A study into the increase in rheumatic fever in Māori and Pacific people has uncovered claims of racism and 'rough handling' of patients suffering from the disease.
The Auckland University research explored Māori and Pacific whānau experiences and understandings of rheumatic fever and rheumatic heart disease.
Of the 113 people who took part in the study, some said they had experienced racism and rough physical handling from some health professionals.
The study's lead author Anneka Anderson said one of the largest complaints involved claims of racism and a lack of cultural safety and understanding.
"We are also seeing interpersonal levels of racism, Pacific patients were actually being called coconuts in hospitals within hearing range of each other where they were visibly seeing healthcare professionals treating them differently from non-Māori and non-Pacific patients," Ms Anderson said.
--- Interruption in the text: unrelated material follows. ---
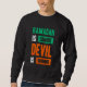 Bold distressed typography design featuring the powerful phrase “Ramadan Is Coming Devil Is Running” in vibrant green, orange, and white on a dark background. The stacked layout and grunge texture create a strong street-style Islamic statement. A motivational Ramadan quote that captures the spiritual strength and energy of the holy month with modern urban flair.

Some whānau also said they often received 'rough treatment' during check-ups in hospital, when being washed or showered, and when being given quick, painful antibiotic - or as one person described them 'jab and go' - injections.
Read the full study here(3.3 MB, PDF)
One caregiver was particularly concerned the bicillin antibiotic was being delivered into the patient's buttock while he was asleep.
Ms Anderson said the increases in rheumatic fever among the Māori and Pacific people was concerning given the disease had largely disappeared from developed countries.
"There is no evidence to support Māori and Pacific people having an increased genetic susceptibility to RF. So the figures reflect social, political and economic influences that result in socioeconomic deprivation, overcrowded conditions, an increased incidence of streptococcal infections and differing opportunities for appropriate and effective health care."
Financial pressures associated with the complex living contexts of many whānau created barriers to accessing primary and secondary health care services for their RRF and RHD. Common barriers were securing transport and meeting the costs of health care and medical prescription fees.
Many parents and caregivers also described experiencing anxiety and guilt as they felt they were at fault for their child's illnesses. Whānau blamed themselves for not realising how sick their children were, for not seeking medical attention soon enough, and for not pushing health care providers and services 'hard enough' for the medical treatment of their children.
The report listed 11 recommendations to improve the situation including addressing racism, cultural safety and housing issues.
The report also recommended improvements to health literacy of patients to reduce reoccurring cases of rheumatic fever and improved health promotion messages.